Por Sylvia Debossan Moretzsohn, no Observatório da Imprensa:

O assassinato de uma dentista em São Bernardo do Campo (SP), na quinta-feira (25/4), reforçou a mais recente campanha a favor da redução da maioridade penal e/ou de punição mais severa e longa a menores que cometem crimes bárbaros com este, em que a vítima foi queimada viva porque não tinha dinheiro suficiente em sua conta. Como se sabe, foi um adolescente de 17 anos que assumiu a responsabilidade por ter tocado fogo na mulher.
A campanha, retomada sempre que algum crime de grande repercussão é cometido por – ou tem a participação de – adolescentes, está na ordem do dia desde que um jovem universitário foi assassinado ao chegar em casa, em São Paulo, na noite de 10/4, por um rapaz que estava a três dias de completar 18 anos e que disparou aparentemente sem motivo, depois de lhe levar o celular. O episódio provocou passeatas a favor da redução da maioridade penal e o governador do estado, Geraldo Alckmin, logo veio a público anunciar seu projeto de emenda constitucional para permitir o agravamento da punição a adolescentes que cometessem esse tipo de crime. Depois do assassinato da dentista, voltou à carga: “Lamentavelmente mais um menor, a gente tem visto menores em crimes extremamente hediondos (sic)”.

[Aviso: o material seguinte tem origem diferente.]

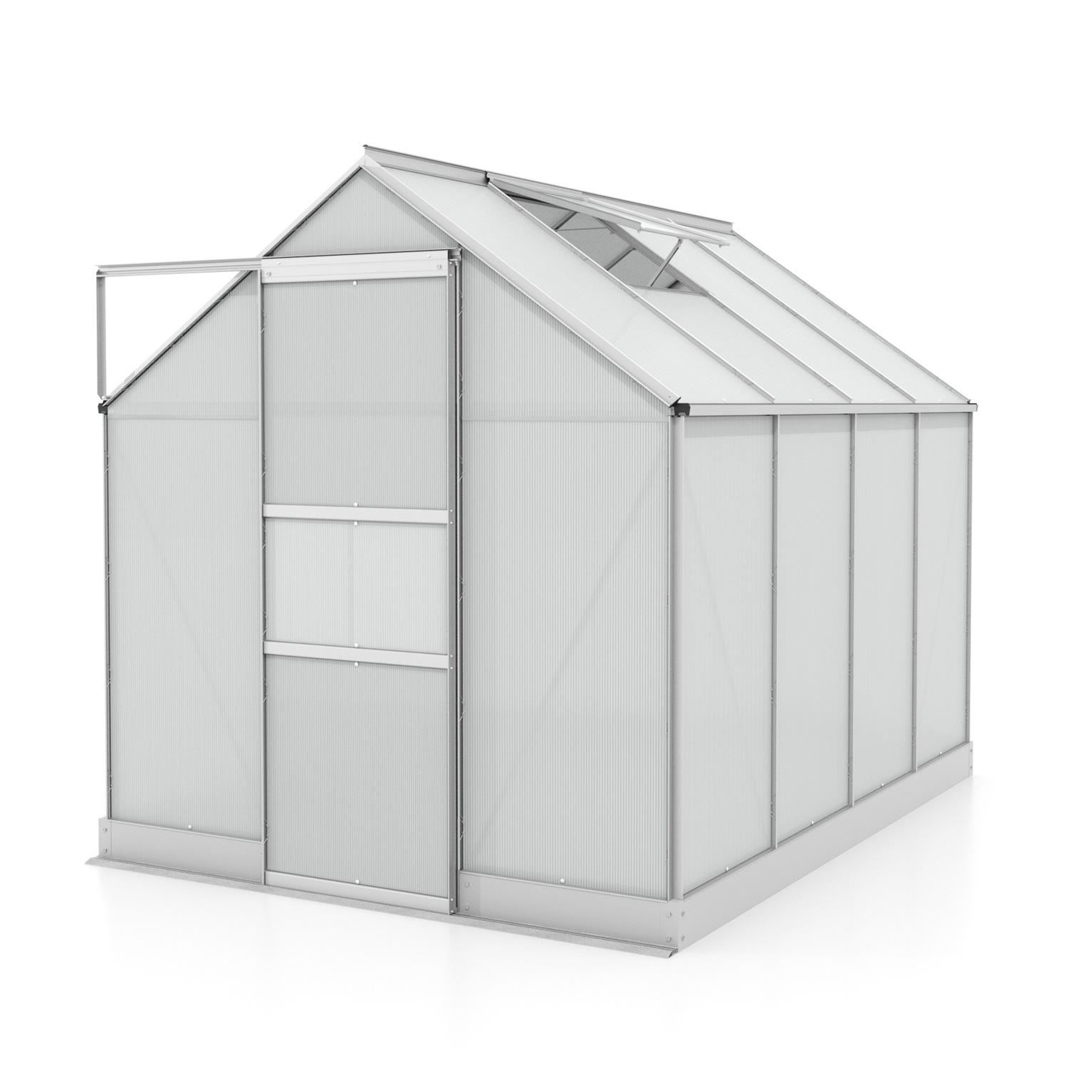 Obsahem balení jsou jednokřídlé posuvné dveře (š x v otvoru = 0,61 x 1,74 m), AL profily, prosklení, pozinkovaná ocelová základna, 1x střešní ventilační okénko s manuálním otevíráním, veškerý spojovací materiál. Ke skleníku je možné dokoupit řadu nadstandardního příslušenství - poličky, regály, další větrací střešní okno, automatický otvírač, okapové sady, teploměry, vlhkoměry, zavlažovací zařízení, elektrické odporové vytápění půdy.

A notícia de fatos como esses, que chocam pela extrema crueldade ou pela aparente gratuidade flagrada por câmeras de segurança, tende a provocar no público a ideia de que este é o padrão de comportamento de jovens delinquentes, que precisam ser contidos a qualquer custo. Os próprios jornais contribuem para essa percepção, sobretudo quando aproveitam para fazer pesquisas no calor da hora: assim, a Folha de S.Paulo não teve dificuldades em confirmar – e, subsidiariamente, alimentar – o clamor pelo endurecimento da lei ao realizar pesquisa logo após o assassinato do jovem universitário, anunciando os 93% de apoio à proposta de redução da maioridade penal para 16 anos no alto da primeira página da edição de 17/4.

Profecia autocumprida
Bem a propósito, o diretor do DataFolha comentou: “Há um acúmulo de eventos dessa natureza, que tiveram grande repercussão e geram sensação de impunidade que influenciam na opinião da população”.

A profecia autocumprida da pesquisa facilita a suíte, em 18/4: “Redução da maioridade opõe analistas e sociedade”, ao lado da foto em que os pais do jovem morto recebem a homenagem de Neymar, no gramado da Vila Belmiro, antes do início de um jogo do Santos na Copa do Brasil.

Claro: os “analistas” – que são frios, racionais, insensíveis e distantes – não estão em sintonia com a “sociedade” – ou, melhor dito, com o “senso comum”, que sofre com os eventos da vida prática. E a tendência, como se sabe, é valorizar a “voz do povo”, sem questionar como essa voz é modulada e como ela pode equivocar-se, bastando entre tantos exemplos o da eleição de Adolf Hitler para chanceler da Alemanha, num contexto histórico que nenhum de nós deveria ignorar.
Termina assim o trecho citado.